> [Listed entries]:
########

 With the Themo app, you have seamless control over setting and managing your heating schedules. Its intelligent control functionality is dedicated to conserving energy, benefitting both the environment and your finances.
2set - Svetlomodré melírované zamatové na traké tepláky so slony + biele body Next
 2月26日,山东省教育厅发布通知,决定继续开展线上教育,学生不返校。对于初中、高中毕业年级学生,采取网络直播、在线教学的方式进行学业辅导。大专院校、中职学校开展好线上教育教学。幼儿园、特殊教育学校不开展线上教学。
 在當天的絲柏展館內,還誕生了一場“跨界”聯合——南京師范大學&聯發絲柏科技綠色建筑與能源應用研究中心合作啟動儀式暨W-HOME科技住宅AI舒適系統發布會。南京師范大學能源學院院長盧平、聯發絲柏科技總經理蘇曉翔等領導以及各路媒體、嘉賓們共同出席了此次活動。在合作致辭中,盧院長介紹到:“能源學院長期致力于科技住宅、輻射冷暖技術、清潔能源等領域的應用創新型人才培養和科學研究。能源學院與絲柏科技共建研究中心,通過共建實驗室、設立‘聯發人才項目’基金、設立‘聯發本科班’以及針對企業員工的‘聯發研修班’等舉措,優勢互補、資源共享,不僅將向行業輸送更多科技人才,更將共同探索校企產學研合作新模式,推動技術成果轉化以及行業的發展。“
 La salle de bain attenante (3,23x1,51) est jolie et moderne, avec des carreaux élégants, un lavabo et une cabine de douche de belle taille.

########

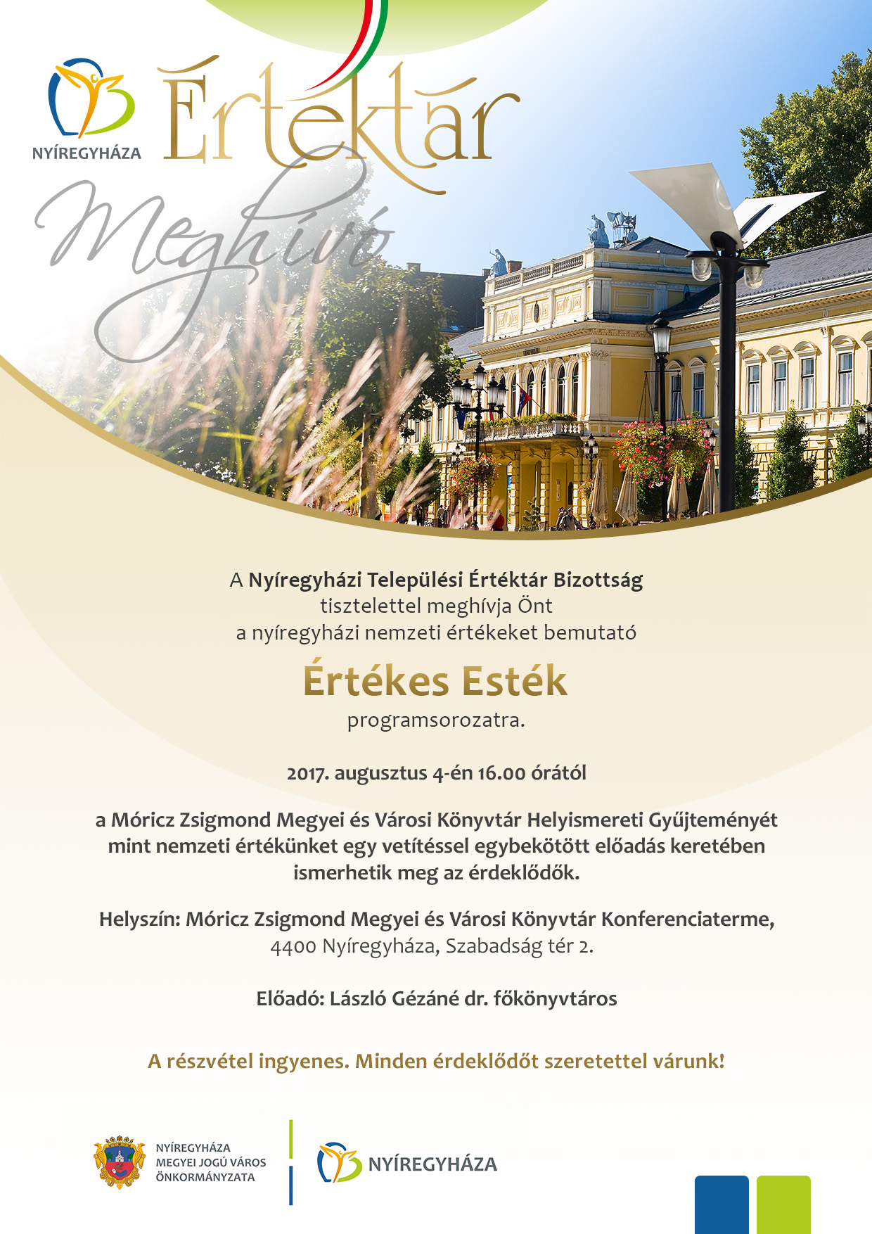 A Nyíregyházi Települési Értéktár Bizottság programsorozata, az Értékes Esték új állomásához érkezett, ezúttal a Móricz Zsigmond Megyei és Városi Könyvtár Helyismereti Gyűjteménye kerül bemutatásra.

########

> [What to do]: Restate word for word only the lines above from the line containing "在當天的絲柏展館內,還誕生了" to the line containing "La salle de", both of them included.

> [Response to the task]:
 在當天的絲柏展館內,還誕生了一場“跨界”聯合——南京師范大學&聯發絲柏科技綠色建筑與能源應用研究中心合作啟動儀式暨W-HOME科技住宅AI舒適系統發布會。南京師范大學能源學院院長盧平、聯發絲柏科技總經理蘇曉翔等領導以及各路媒體、嘉賓們共同出席了此次活動。在合作致辭中,盧院長介紹到:“能源學院長期致力于科技住宅、輻射冷暖技術、清潔能源等領域的應用創新型人才培養和科學研究。能源學院與絲柏科技共建研究中心,通過共建實驗室、設立‘聯發人才項目’基金、設立‘聯發本科班’以及針對企業員工的‘聯發研修班’等舉措,優勢互補、資源共享,不僅將向行業輸送更多科技人才,更將共同探索校企產學研合作新模式,推動技術成果轉化以及行業的發展。“
 La salle de bain attenante (3,23x1,51) est jolie et moderne, avec des carreaux élégants, un lavabo et une cabine de douche de belle taille.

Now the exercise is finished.